---------- DATA LISTING ----------

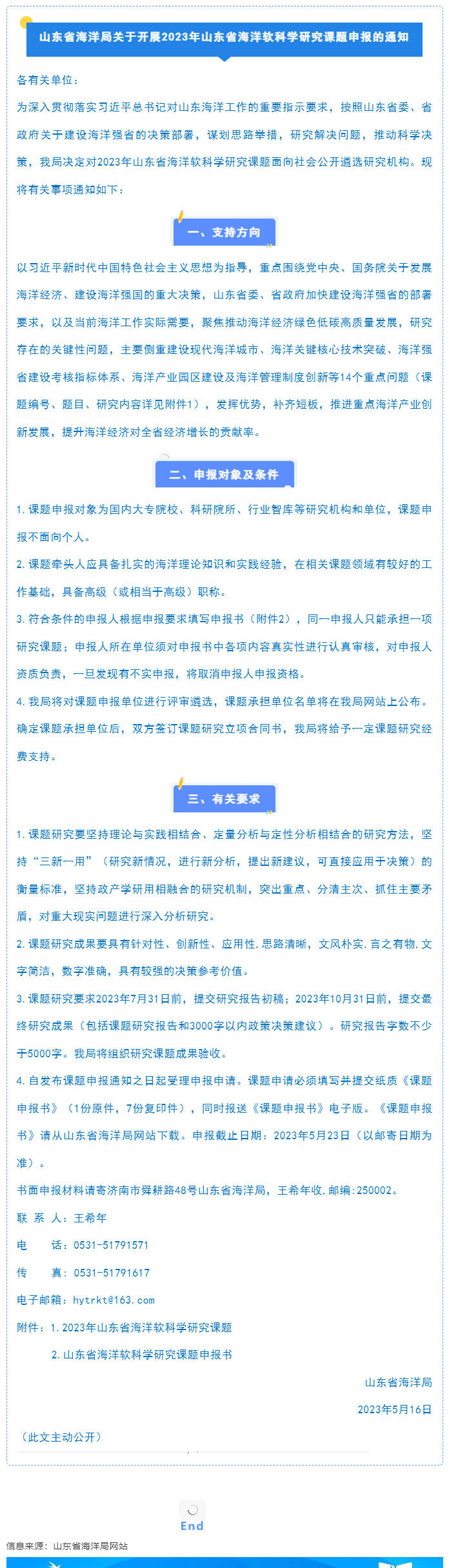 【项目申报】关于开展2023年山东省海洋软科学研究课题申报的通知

----------
---------- DATA LISTING ----------

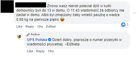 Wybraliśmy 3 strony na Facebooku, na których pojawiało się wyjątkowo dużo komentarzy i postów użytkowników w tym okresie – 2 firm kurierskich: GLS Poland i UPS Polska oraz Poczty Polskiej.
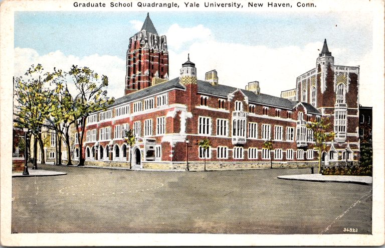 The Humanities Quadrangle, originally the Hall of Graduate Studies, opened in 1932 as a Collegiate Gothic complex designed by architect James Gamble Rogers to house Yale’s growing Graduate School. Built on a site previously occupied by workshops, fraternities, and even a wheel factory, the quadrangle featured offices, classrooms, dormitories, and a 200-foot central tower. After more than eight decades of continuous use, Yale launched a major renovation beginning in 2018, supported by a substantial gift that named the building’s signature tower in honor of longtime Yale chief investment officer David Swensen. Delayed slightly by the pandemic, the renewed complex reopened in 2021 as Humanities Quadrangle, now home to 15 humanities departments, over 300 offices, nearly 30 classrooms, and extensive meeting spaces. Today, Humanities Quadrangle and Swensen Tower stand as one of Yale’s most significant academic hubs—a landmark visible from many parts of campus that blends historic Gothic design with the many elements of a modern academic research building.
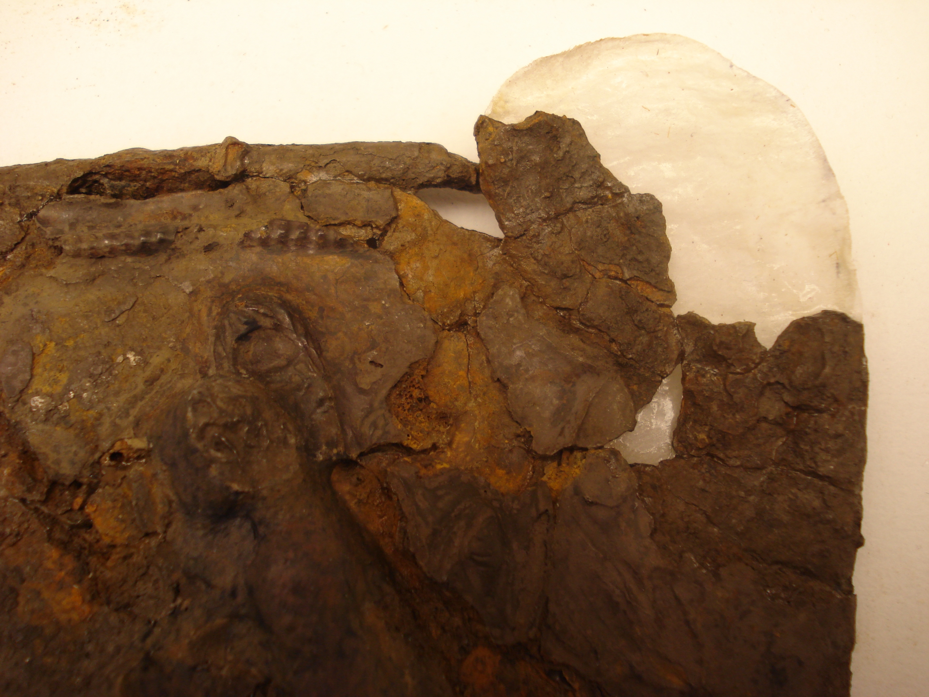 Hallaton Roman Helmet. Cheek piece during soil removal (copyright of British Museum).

----------
---------- DATA LISTING ----------

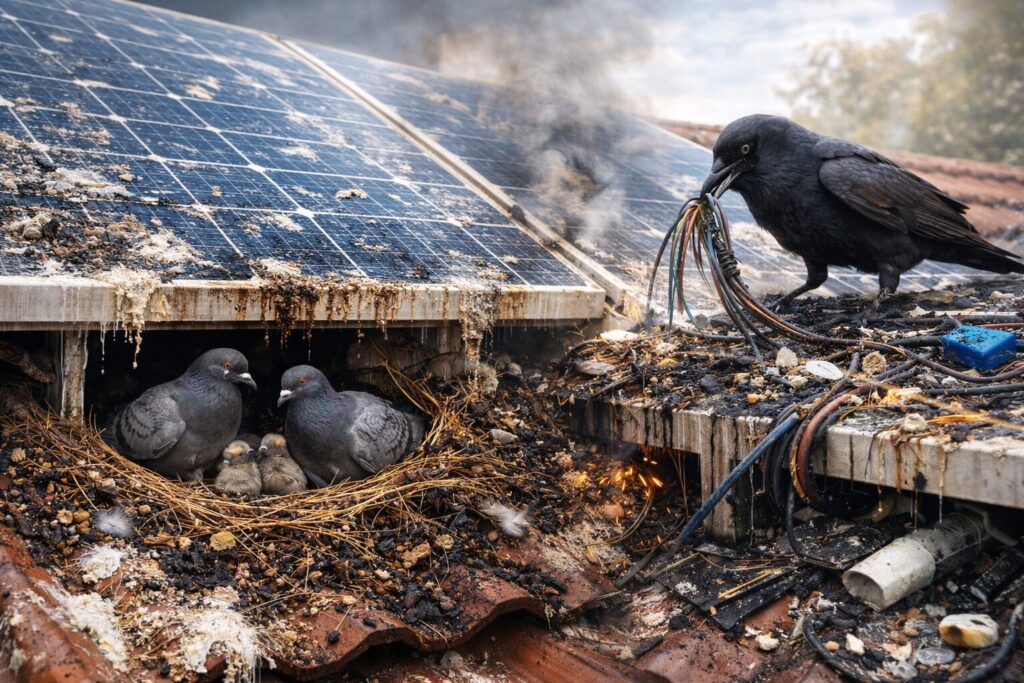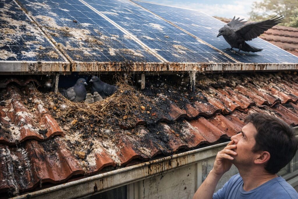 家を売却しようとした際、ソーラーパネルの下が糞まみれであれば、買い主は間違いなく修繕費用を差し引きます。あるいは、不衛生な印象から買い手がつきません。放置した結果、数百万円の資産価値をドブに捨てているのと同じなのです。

----------

• [ACTION ITEM] Skipping the pictures, print the lines in the listing above exactly as written, starting at the line with "Wybraliśmy 3 strony" and ending at the line with "Hallaton Roman Helmet.", both included.

• [SOLUTION TO THIS PROBLEM]
 Wybraliśmy 3 strony na Facebooku, na których pojawiało się wyjątkowo dużo komentarzy i postów użytkowników w tym okresie – 2 firm kurierskich: GLS Poland i UPS Polska oraz Poczty Polskiej.
 The Humanities Quadrangle, originally the Hall of Graduate Studies, opened in 1932 as a Collegiate Gothic complex designed by architect James Gamble Rogers to house Yale’s growing Graduate School. Built on a site previously occupied by workshops, fraternities, and even a wheel factory, the quadrangle featured offices, classrooms, dormitories, and a 200-foot central tower. After more than eight decades of continuous use, Yale launched a major renovation beginning in 2018, supported by a substantial gift that named the building’s signature tower in honor of longtime Yale chief investment officer David Swensen. Delayed slightly by the pandemic, the renewed complex reopened in 2021 as Humanities Quadrangle, now home to 15 humanities departments, over 300 offices, nearly 30 classrooms, and extensive meeting spaces. Today, Humanities Quadrangle and Swensen Tower stand as one of Yale’s most significant academic hubs—a landmark visible from many parts of campus that blends historic Gothic design with the many elements of a modern academic research building.
 Hallaton Roman Helmet. Cheek piece during soil removal (copyright of British Museum).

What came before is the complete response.